Personal information
- Date of birth: 4 January 1983 (age 43)
- Place of birth: Skien, Norway
- Height: 1.80 m (5 ft 11 in)
- Positions: Midfielder; forward;

Team information
- Current team: Notodden
- Number: 16

Youth career
- Gjerpen IF
- Odd Grenland

Senior career*
- Years: Team / Apps / (Gls)
- 2002–2008: Odd Grenland / 68 / (8)
- 2005: →Pors Grenland (loan) / 16 / (1)
- 2008–2009: Sogndal / 38 / (14)
- 2010–2012: Notodden / 15 / (1)
- 2013-2019: Skiens Grane / 20 / (20)

International career^{‡}
- Norway U19 / 3 / (0)
- Norway U20 / 2 / (0)
- Norway U20 / 6 / (0)

= Tarjei Dale =

Norwegian footballer (born 1983)

Tarjei Dale (born 4 January 1983) is a retired Norwegian professional football player.

==Club career==

Dale came to Odd Grenland as a junior player from Gjerpen IF in 2000. He got called up to their main squad in 2002 after playing several games for their reserve team.
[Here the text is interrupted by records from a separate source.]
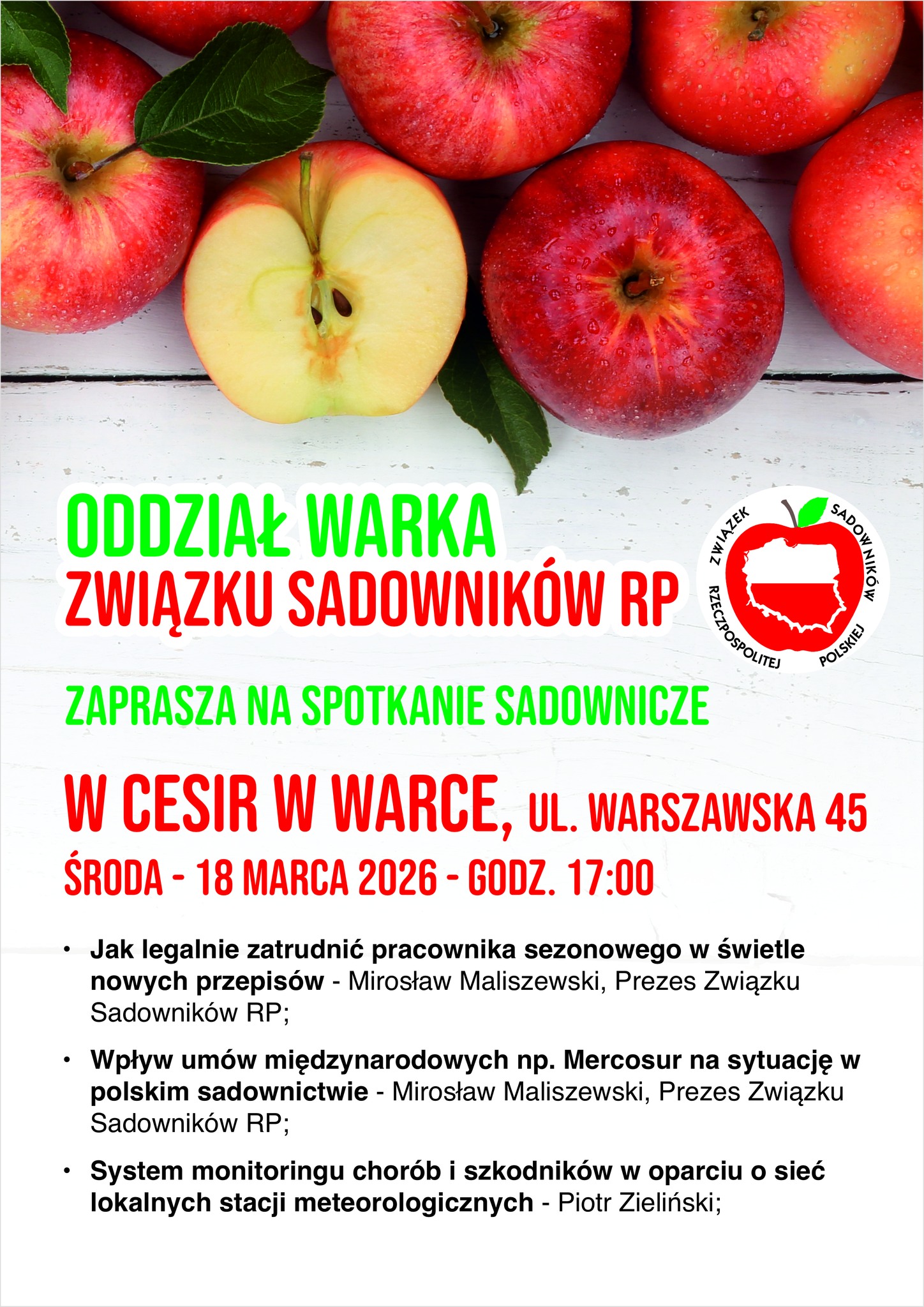 Związek Sadowników RP, Oddział Warka, zaprasza na spotkanie sadownicze poświęcone aktualnym tematom ważnym dla branży.
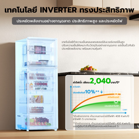 เทคโนโลยีช่วยละลายน้ำแข็งอัตโนมัติ ลดการเกิดน้ำแข็งเกาะ ทำให้ไม่ต้องเสียเวลาในการละลายน้ำแข็งบ่อย ดูแลรักษาง่าย
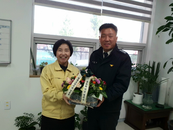 남종훈 평창소방서장은 평창보건의료원을 방문하여 채정희 보건의료원장에게 꽃바구니를 전달하였다.
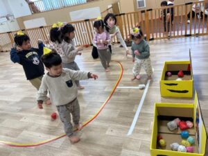 製作でつくった帽子をかぶりおにの箱めがけて新聞豆を投げました。

Tarjei played his first match for Odd Grenland when he played 1 minute against Moss FK in July 2002, that was his only match for the season.

In 2006 Odd Grenland played relegation play-off against Bryne FK. In the first match, where Odd Grenland won 3–0 at home, Tarjei scored two goals. In the second match, where Odd Grenland won 7–1 away, Tarje scored 3 goals.

In August 2008, Tarjei signed a two-year contract with Sogndal Fotball, he came to Sogndal from Odd Grenland on a free transfer. He played the fall season for Sogndal and played 11 matches and scored 5 goals.

Dale joined Notodden ahead of the 2010-season.